You can reach pycaret website and documentation from https://pycaret.org

PyCaret is an open source, low-code machine learning library in Python that allows you to go from preparing your data to deploying your model within seconds in your choice of notebook environment.

PyCaret being a low-code library makes you more productive. With less time spent coding, you and your team can now focus on business problems.

PyCaret is simple and easy to use machine learning library that will help you to perform end-to-end ML experiments with less lines of code.

PyCaret is a business ready solution. It allows you to do prototyping quickly and efficiently from your choice of notebook environment.

## let's install pycaret !


In [None]:
!pip install pycaret

## Import Whole Classification

In [None]:
from pycaret.classification import *

# Setting up the Environment

**Setup()**-This function initializes the environment in pycaret and creates the transformation pipeline to prepare the data for modeling and deployment. setup() must called before executing any other function in pycaret. It takes two mandatory parameters: dataframe {array-like, sparse matrix} and name of the target column. All other parameters are optional.

In [None]:
clf = setup(data = train, target = 'Survived',train_size=0.7,numeric_imputation='mean',categorical_imputation='mode',feature_selection=True)

**Parameters:**


data:  dataframe
array-like, sparse matrix, shape (n_samples, n_features) where n_samples is the number of samples and n_features is the number of features.

target: string
Name of the target column to be passed in as a string. The target variable could be binary or multiclass. In case of a multiclass target, all estimators are wrapped
with a OneVsRest classifier.

train_size: float, default = 0.7
Size of the training set. By default, 70% of the data will be used for training and validation. The remaining data will be used for a test / hold-out set.

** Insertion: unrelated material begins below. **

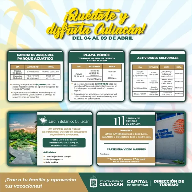 Mientras tanto, IMDEC iniciará las actividades de Semana Santa los días martes 4 y miércoles 5 de abril en el Parque Acuático, con un dinámico torneo de voleibol de playa de tercias femenil y varonil, donde se contarán con premios con bolsa de premios en efectivo para los 3 primeros lugares, dichos premios oscilarán en: 1er Lugar $2,500, 2do Lugar $1,500 y 3er Lugar $1,000 para ambas ramas.
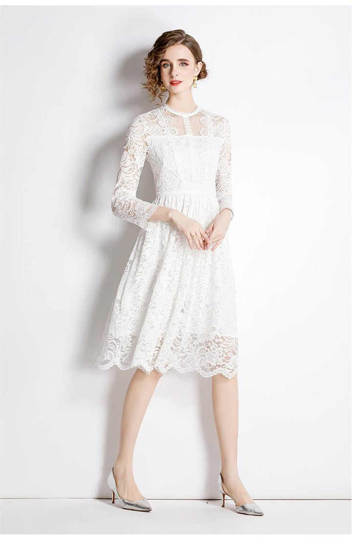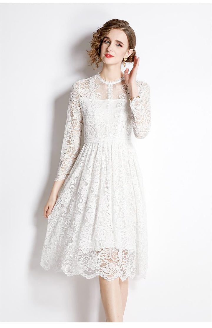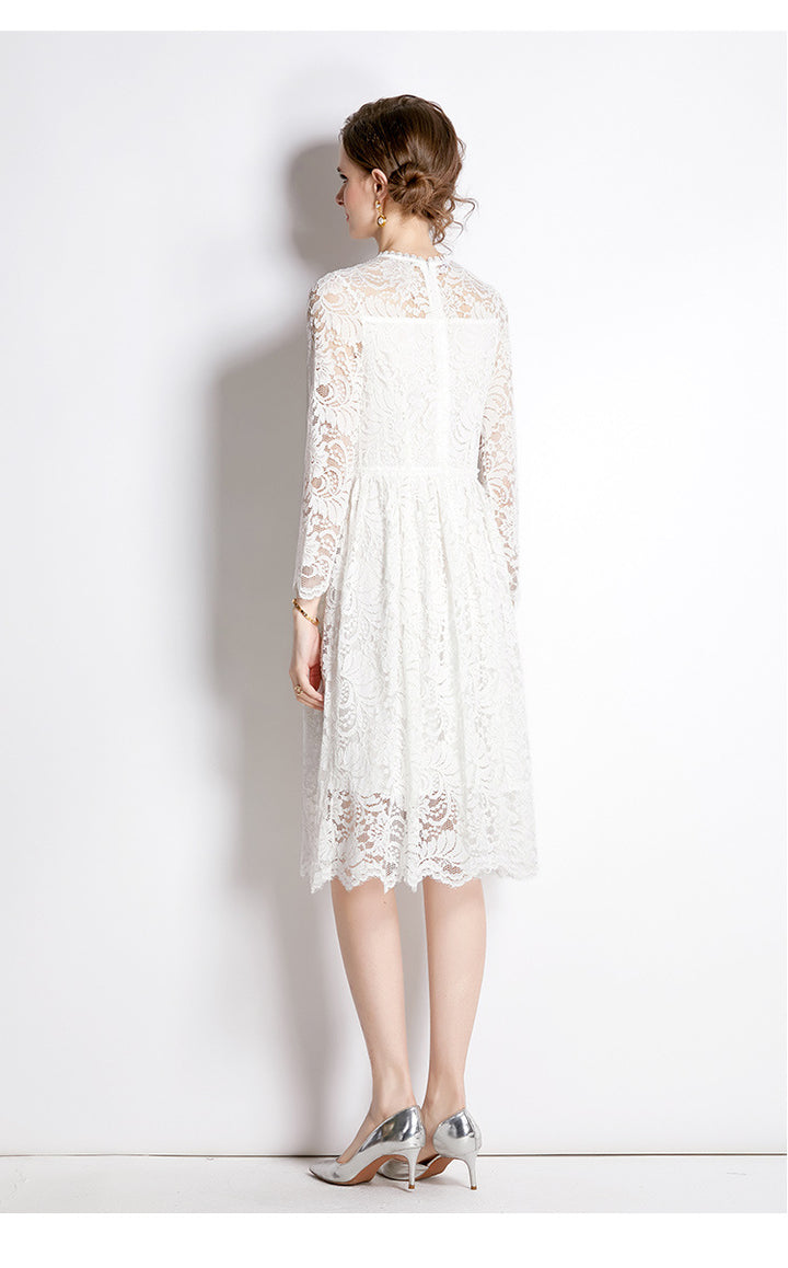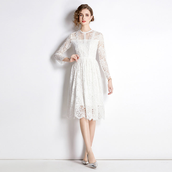 Lace Slim Lace Dress Temperament Show Thin Long Sleeve A-Line MIDI Skirt

categorical_features: string, default = None
If the inferred data types are not correct, categorical_features can be used to overwrite the inferred type. If when running setup the type of ‘column1’ is inferred as numeric instead of categorical, then this parameter can be used to overwrite the type by passing categorical_features = [‘column1’].

categorical_imputation: string, default = ‘constant’
If missing values are found in categorical features, they will be imputed with a constant ‘not_available’ value. The other available option is ‘mode’ which imputes the missing value using most frequent value in the training dataset.


numeric_imputation: string, default = ‘mean’
If missing values are found in numeric features, they will be imputed with the mean value of the feature. The other available option is ‘median’ which imputes the value using the median value in the training dataset.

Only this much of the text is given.